Several dissidents said that Rwanda fields a lethal intelligence service with assassins who can operate anywhere. Rene Claudel Mugenzi, a Rwandan human rights activist living in England, told me that in March 2011, Kagame was on a BBC radio show when Mugenzi called in and asked a provocative question — whether an Arab Spring-like revolution could erupt in Rwanda. A few weeks later, two Scotland Yard bobbies rapped on Mugenzi’s door to deliver a letter. “Reliable intelligence states that the Rwandan government poses an imminent threat to your life,” it read. Mugenzi was stunned. “I never thought they would try to kill me in the U.K.,” he said. (The Rwandan government has denied that it plotted to kill Mugenzi.)
It was hard to square these allegations of Kagame running an international hit squad with the thin, geeky man sitting attentively across from me. When a mosquito buzzed near us, Kagame pushed up his thick glasses and awkwardly swiped at it with his long, spindly fingers. He missed, a couple of times. In response to my questions about the political opposition, he made vague allusions to outspoken dissidents like Nyamwasa, saying they were “thieves” who thrived on the perception “that in Africa nothing good happens, every leader is a dictator, is an oppressor.” At the word “oppressor,” Kagame looked right at me and nervously giggled.
Nyamwasa warned me that I should not be fooled by Kagame’s cerebral air, that, in fact, he is quite violent. “During war, a lot of things go wrong,” Nyamwasa explained. “But Kagame always reacts with violence. He’s spiteful. His own troops were scared of him and actually hated him.”

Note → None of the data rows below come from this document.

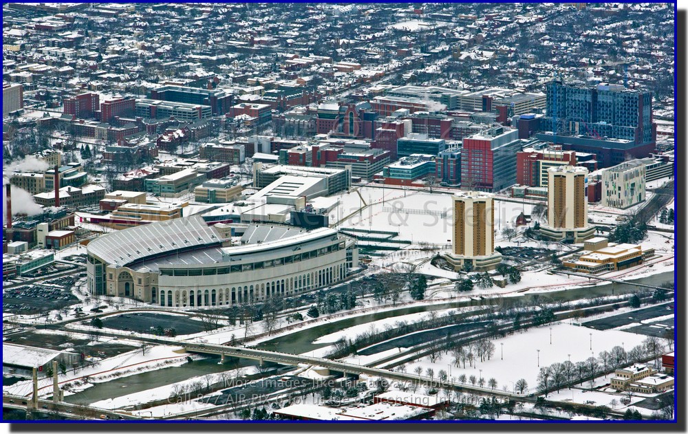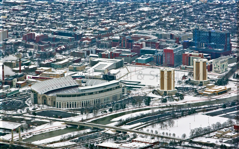 January 14-20, 2013 "Cold School" One probably doesn't need to spend a lot of time browsing our web site and our various galleries to figure out that The Ohio State University is one of our favorite places to photograph. (It is, after all, the alma mater of 100% of our full time staff...) Ohio Stadium and the twin dorm towers dominate this somewhat low-level oblique aerial winter view of the campus. Visible behind those three easily recognizable landmarks is a large part of the medical school and some of the world class hospitals that are located right on the campus. To view a larger version of this photo, click on it or click this direct link. |
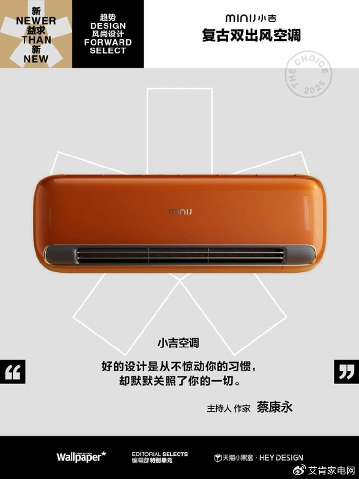 今年10月,MINIJ小吉新品复古双出风空调正式上市,近日又将「趋势风尚设计」奖收入囊中,引发了业界对其背景的新一轮关注——空调行业又有新玩家?
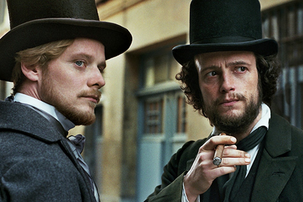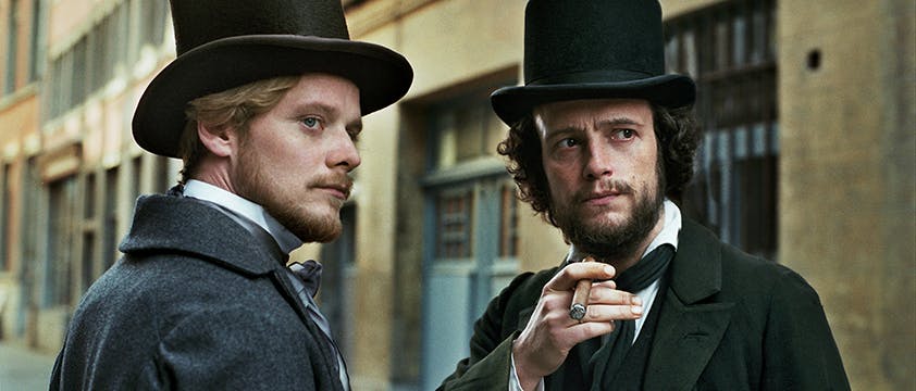 The Karl Marx of Peck’s film is, in a bizarre bit of casting, played by the German actor August Diehl. You may remember Diehl as an extremely blue-eyed and anemic-looking Nazi from Inglourious Basterds. Here he is clad in dark wig and brown contact lenses. He begins the movie as a stranger to Engels, played by Stefan Donarske. Marx is broke and bitter (“I’m sick of all you Young Hegelians”). Engels is a rich kid whose father owns the very factory that he has been studying. They are wary of one another at first, but then confess their love of each other’s writing in the parlour of the publisher Arnold Ruge.
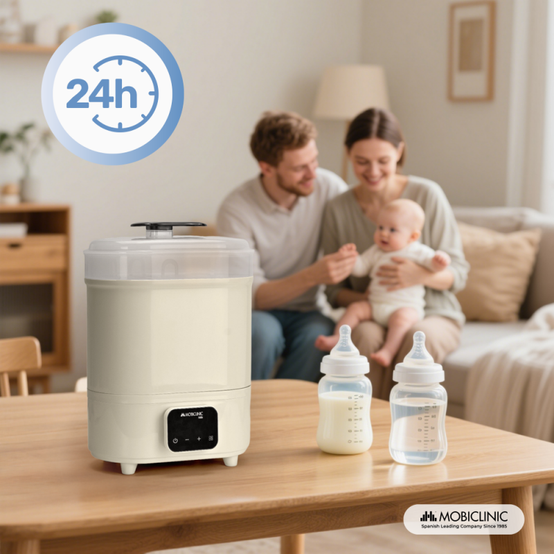 Lo sterilizzatore per biberon Mobibi è una soluzione pratica, veloce e igienica per la cura dei più piccoli. Il suo design combina quattro funzioni principali: sterilizzazione, asciugatura, controllo della temperatura e modalità automatica per una maggiore ottimizzazione dei tempi.
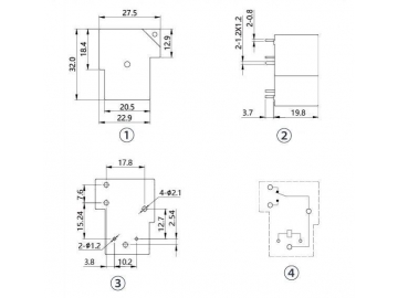 ① Vista frontal; ② Vista lateral; ③ Tamaño de instalación; ④ Diagrama de cableado

David Himbara, another former Kagame confidant who also fled to Johannesburg in 2010, told me a story about Kagame’s rage. In 2009, Himbara said, Kagame ordered two subordinates — a finance director and an army captain — into his presidential office, slammed the door and started shouting at them about where they had purchased office curtains. Kagame then picked up the phone, and two guards came in with sticks, Himbara said. Kagame ordered the men to lie face down, and he thrashed them. After five minutes, Kagame seemed to tire, and the bodyguards took over beating the men, as if they had done this before. Himbara said he was sick to his stomach witnessing the scene.

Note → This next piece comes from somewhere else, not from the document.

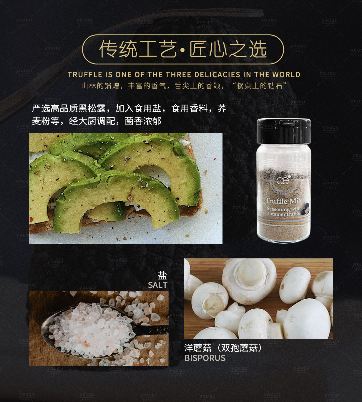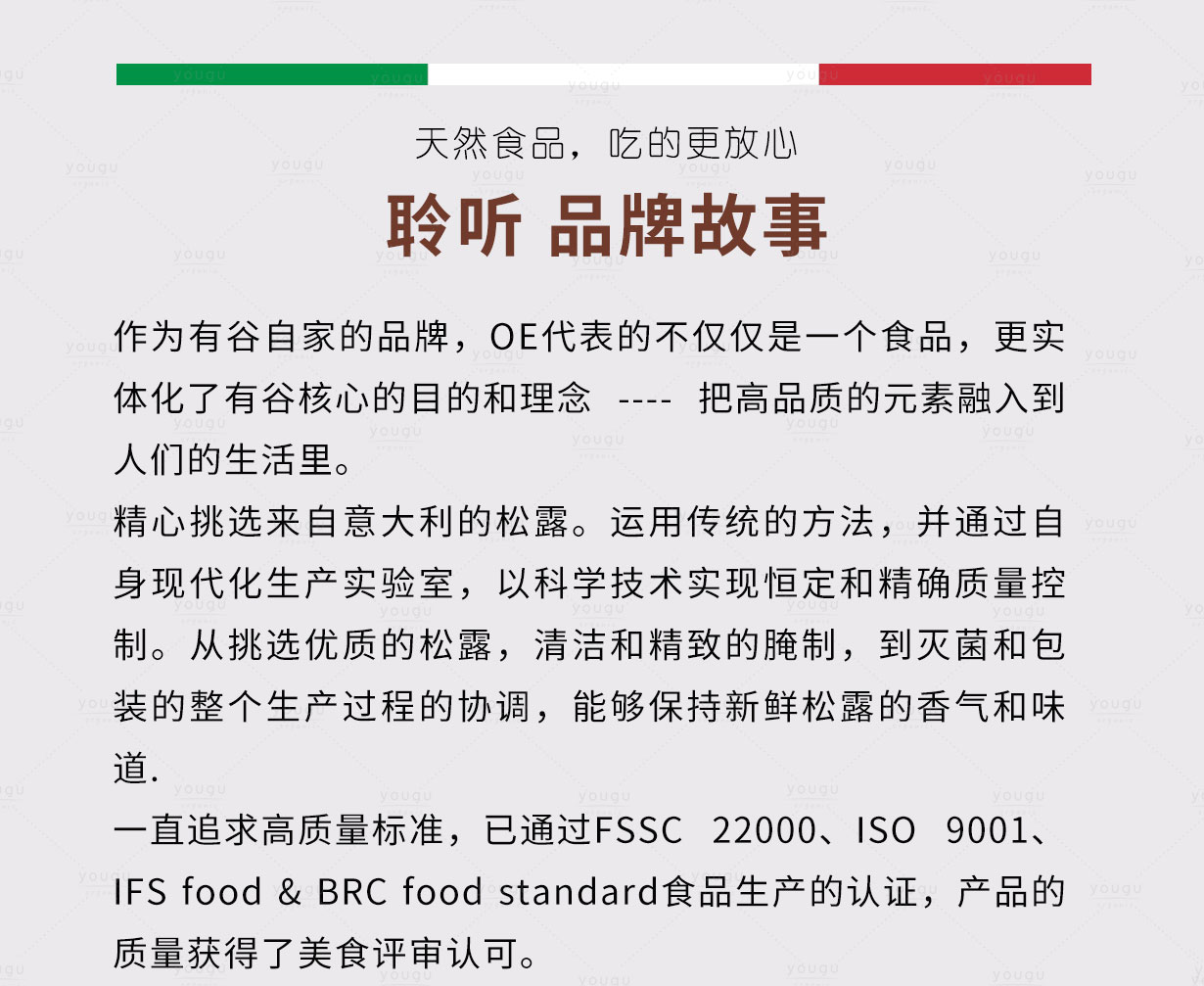 意大利原装进口,松露,加入食用盐,食用香料,荞麦粉等,菌香浓郁,可用于烹煮意大利面、制作牛排、海鮮料理的酱汁等搭配。

Just about every former colleague of Kagame’s I spoke to shared some sort of beating story. Noble Marara, a former driver for Kagame, told me that Kagame whipped him twice, once for driving the wrong truck and another time after someone else backed into a pole. “He really needs help,” said Marara, now in exile in England. “If I was to diagnose him, I’d say he has a personality disorder.”

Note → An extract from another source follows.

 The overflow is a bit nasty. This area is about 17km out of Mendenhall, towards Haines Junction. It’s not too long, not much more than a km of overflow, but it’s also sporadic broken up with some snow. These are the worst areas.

Himbara had a different explanation. He thinks that despite Kagame’s self-propelled rise to power, he’s still deeply insecure. “He barely finished high school,” said Himbara, who holds a Ph.D. from Queen’s University, in Kingston, Ontario, and served as one of Kagame’s senior policy advisers. “It was always hard working with him, because we constantly had to figure out how to make him seem like the originator of ideas.” He went on, “After I once wrote a speech for him to give, he said to me: ‘You think because you have a Ph.D. from Canada you are smarter than me? You are a peasant! You go and read the stupid speech!’ And then I would have to say: ‘No, sir, you are the president, and in my hands it is a stupid peasant product. But in your hands it is something special.’ That’s how we had to flatter and appease him,” Himbara said. “It was crazy.”
When I asked Kagame about the beatings, he leaned toward me in his seat. We were about three feet apart, then two. I could see the individual gray hairs in his goatee. He didn’t interrupt as I detailed my evidence, with names and dates. He didn’t deny physically abusing his staff, as I thought he might, though he gave me a watered-down version of the 2009 event that Himbara described, saying that he hadn’t swatted anyone with a stick but shoved one of the men so hard that he fell to the floor.
“It’s my nature,” Kagame said. “I can be very tough, I can make mistakes like that.” But when I pressed him on other violent outbursts, he responded irritably, “Do we really need to go into every name, every incident?” He said that hitting people is not “sustainable,” which struck me as a strange word to use, as if the only issue with beating your underlings was whether such behavior was effective over the long term.
He grew even testier when I asked him about an expensive trip to New York in 2011. At the time, I heard that he spent more than $15,000 a night for the presidential suite at the Mandarin Oriental. It seemed out of character for a head of state who prides himself on frugal living, occupying a relatively modest house in central Kigali, not a crystal-chandelier palace like many other African presidents. I began to ask if he thought the Rwandan people would approve of such extravagance when Kagame glared at me and snapped, “Just a moment!”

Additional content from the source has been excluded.